* _What is required_
From the line containing "penduduk menggunakan payung" to the end of the records, print every line exactly, both ends included, and leave out the pictures.

*** Begin section ***

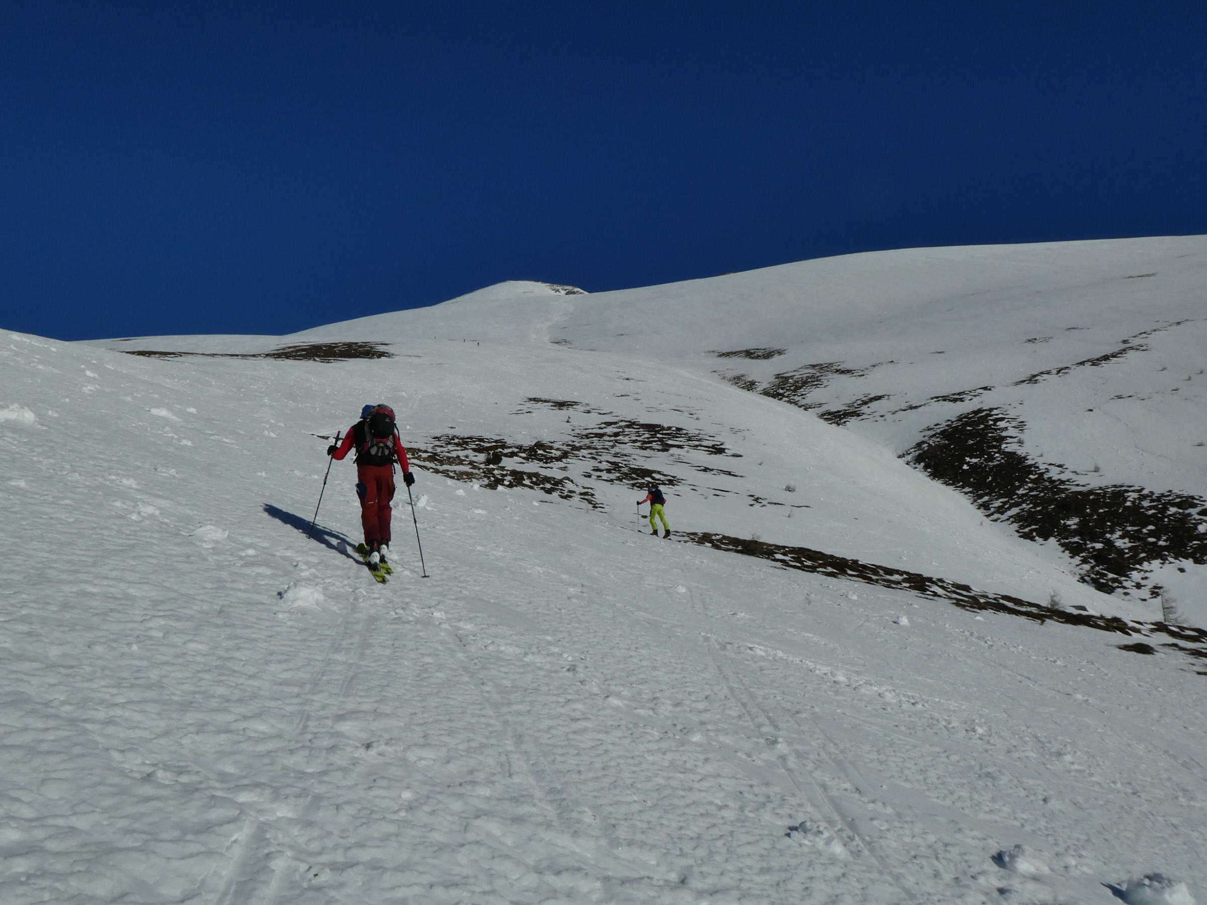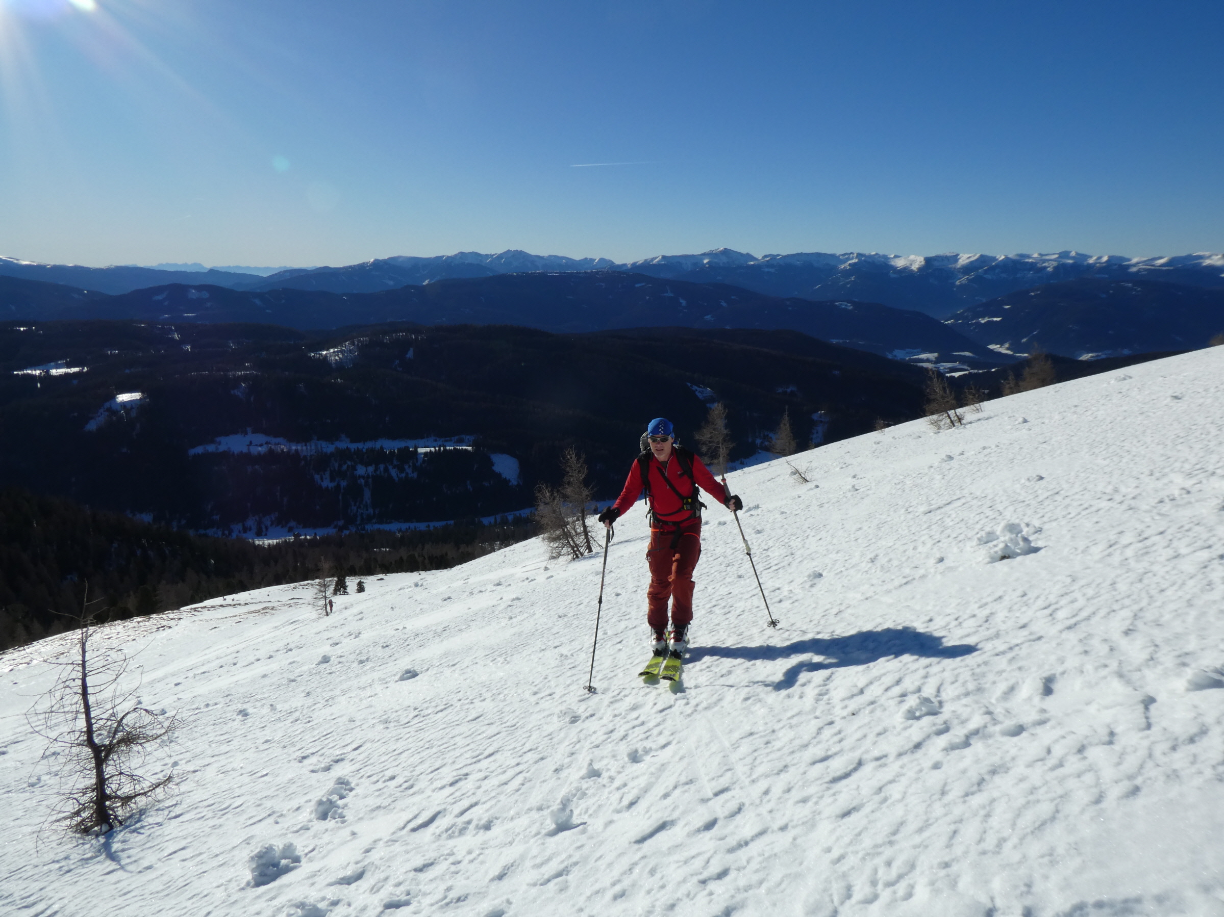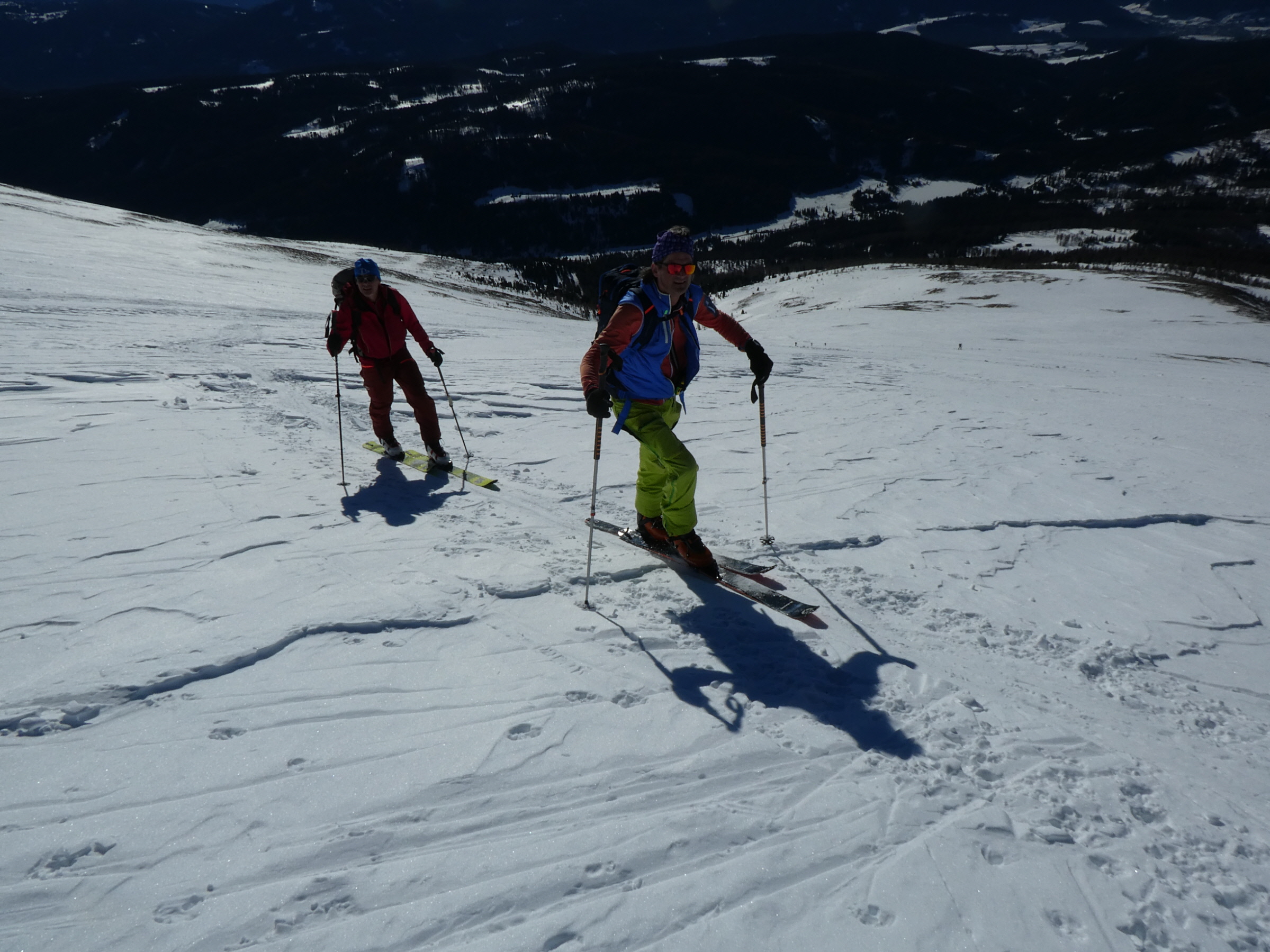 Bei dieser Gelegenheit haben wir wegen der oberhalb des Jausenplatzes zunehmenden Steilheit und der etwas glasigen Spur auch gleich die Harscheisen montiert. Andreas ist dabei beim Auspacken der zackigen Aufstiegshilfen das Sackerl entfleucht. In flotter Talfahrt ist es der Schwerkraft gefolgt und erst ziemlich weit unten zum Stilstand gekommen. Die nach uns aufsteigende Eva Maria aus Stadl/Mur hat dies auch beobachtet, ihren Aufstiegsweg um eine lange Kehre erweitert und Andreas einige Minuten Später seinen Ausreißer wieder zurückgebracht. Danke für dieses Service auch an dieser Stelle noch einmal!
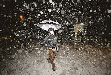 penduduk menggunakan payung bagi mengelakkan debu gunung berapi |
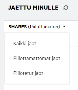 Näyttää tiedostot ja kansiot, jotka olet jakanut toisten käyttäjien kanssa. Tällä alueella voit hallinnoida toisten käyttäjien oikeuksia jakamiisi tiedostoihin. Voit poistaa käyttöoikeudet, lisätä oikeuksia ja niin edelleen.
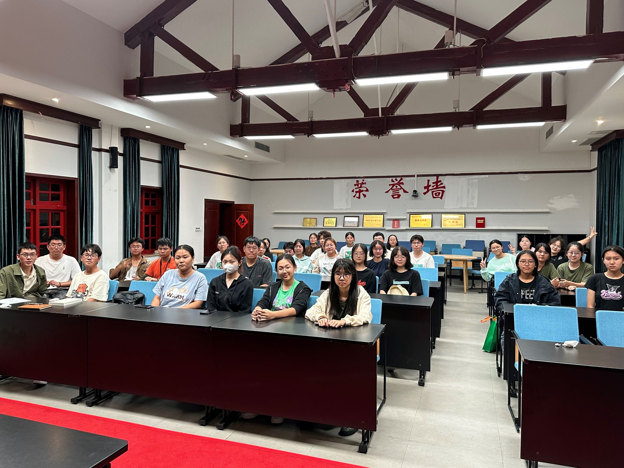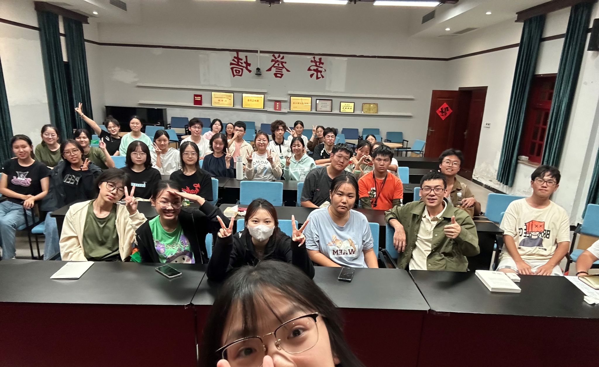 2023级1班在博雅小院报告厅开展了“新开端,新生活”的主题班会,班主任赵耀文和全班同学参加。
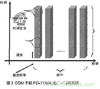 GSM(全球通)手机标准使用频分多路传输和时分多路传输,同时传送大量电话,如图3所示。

*** End section ***

* _Response for this exercise_
 penduduk menggunakan payung bagi mengelakkan debu gunung berapi |
 Näyttää tiedostot ja kansiot, jotka olet jakanut toisten käyttäjien kanssa. Tällä alueella voit hallinnoida toisten käyttäjien oikeuksia jakamiisi tiedostoihin. Voit poistaa käyttöoikeudet, lisätä oikeuksia ja niin edelleen.
 2023级1班在博雅小院报告厅开展了“新开端,新生活”的主题班会,班主任赵耀文和全班同学参加。
 GSM(全球通)手机标准使用频分多路传输和时分多路传输,同时传送大量电话,如图3所示。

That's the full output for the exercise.